Keeping the exercise realistic must be balanced against the need for the exercise to be safe. In live exercises there is always the danger that the exercise will bleed over into the "real world". Your team might pick up the phone and ask the data center to reboot a bunch of servers, and accidentally include a production machine. The on-call might see an alarm and interpret it as a real system failure. An engineer might connect to the wrong environment and delete the production database. There is a very real risk that an exercise will interfere with day-to-day operations. As such, there must be some ground rules:

  • The entire organization must be informed that an exercise will take place. This will make people think twice before acting on surprising information.
  • The exercise must be lead by someone with full visibility, and that is available to the organization. Should anyone have any uncertainty about what is real or not, the exercise leader must be able to clarify this immediately.
  • The beginning of all written and verbal communication that is part of the exercise must start with the phrase "Exercise Exercise Exercise". This will get tedious, but it will prevent misunderstandings.

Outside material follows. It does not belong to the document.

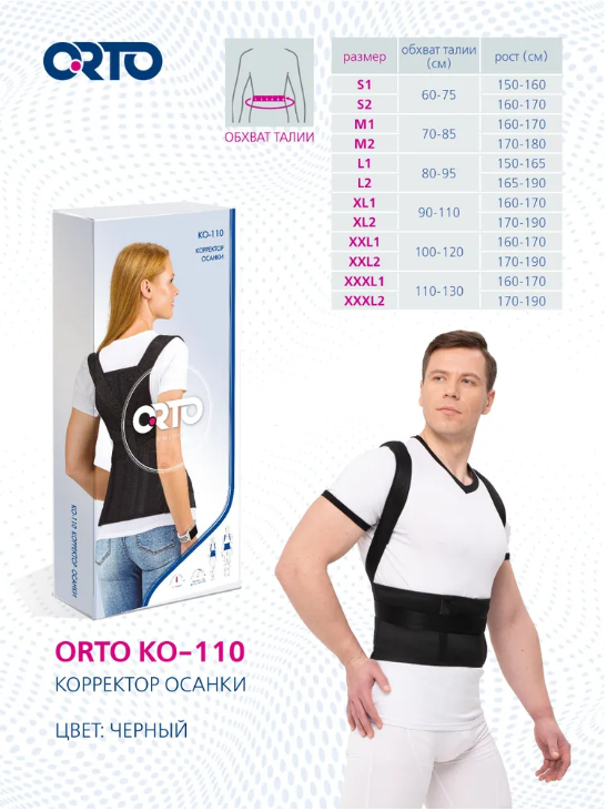 Ортез ORTO КО 110 с разъёмной основой анатомической формы, нерастяжимой центральной частью и эластичными боковыми частями. Фиксирующие элементы представлены в виде двух моделируемых рёбер жёсткости, расположенных вдоль позвоночника. Элементы коррекции ― реклинирующие ремни ― прикреплены к основе и снабжены смягчающими вставками, обеспечивающими комфорт в процессе ношения. В центральной части основы располагается шлёвка для удержания реклинирующих ремней. По краям боковых частей основы и на реклинирующих ремнях расположены застёжки «Велкро».

When someone calls the internal emergency hotline with a real issue during the exercise, it is crucial that no time is wasted figuring out if it is a real situation or not. It is recommended that real world emergencies are communicated with the phrase "No play", to indicate that this is not part of the exercise.
  • All participants must be available at all time, and ready to abort the exercise. If a real world issue happens, something goes wrong, or there are other reasons to stop the scenario, the exercise leader will broadcast the message "Bulldog Bulldog Bulldog - Exercise aborted". (I have no idea why the word "Bulldog" has been chosen for this, but it is the internationally agreed upon word to stop or abort an exercise 🤷‍♂️ My best guess is that it is a word that is difficult to mistake for other words when transmitted by radio.)

Evaluation

Collaborative Meeting
Photo by Redd F / Unsplash

After the exercise is completed, everyone deserves a nice break, perhaps some snacks or an extra delicious lunch. But after that, it's time for perhaps the most important step: Evaluation. There is little value to the exercise if we can not systematically learn something from it.

Your evaluation should bring everyone together, and give all participants room to talk about their experience. What did the scenario look like from their perspective? What did they find problematic, and what tools or training where they missing? The observers should share their experience after the participants, to ensure that their observations don't colour the recollections of the people performing the tasks.

With everyone's take one what happened, we have to identify the learning points. Where did we go wrong, what could have been easier, and what worked well. The learning must be taken back to the teams, and brought up with leadership to ensure that actual change is made to ensure that a real life scenario will be handled even better, and that the teams are prepared.


Having regular exercises is both fun and invaluable learning for your team! There is no doubt in my mind that any organization that runs a system that is critical for the business should do exercises regularly.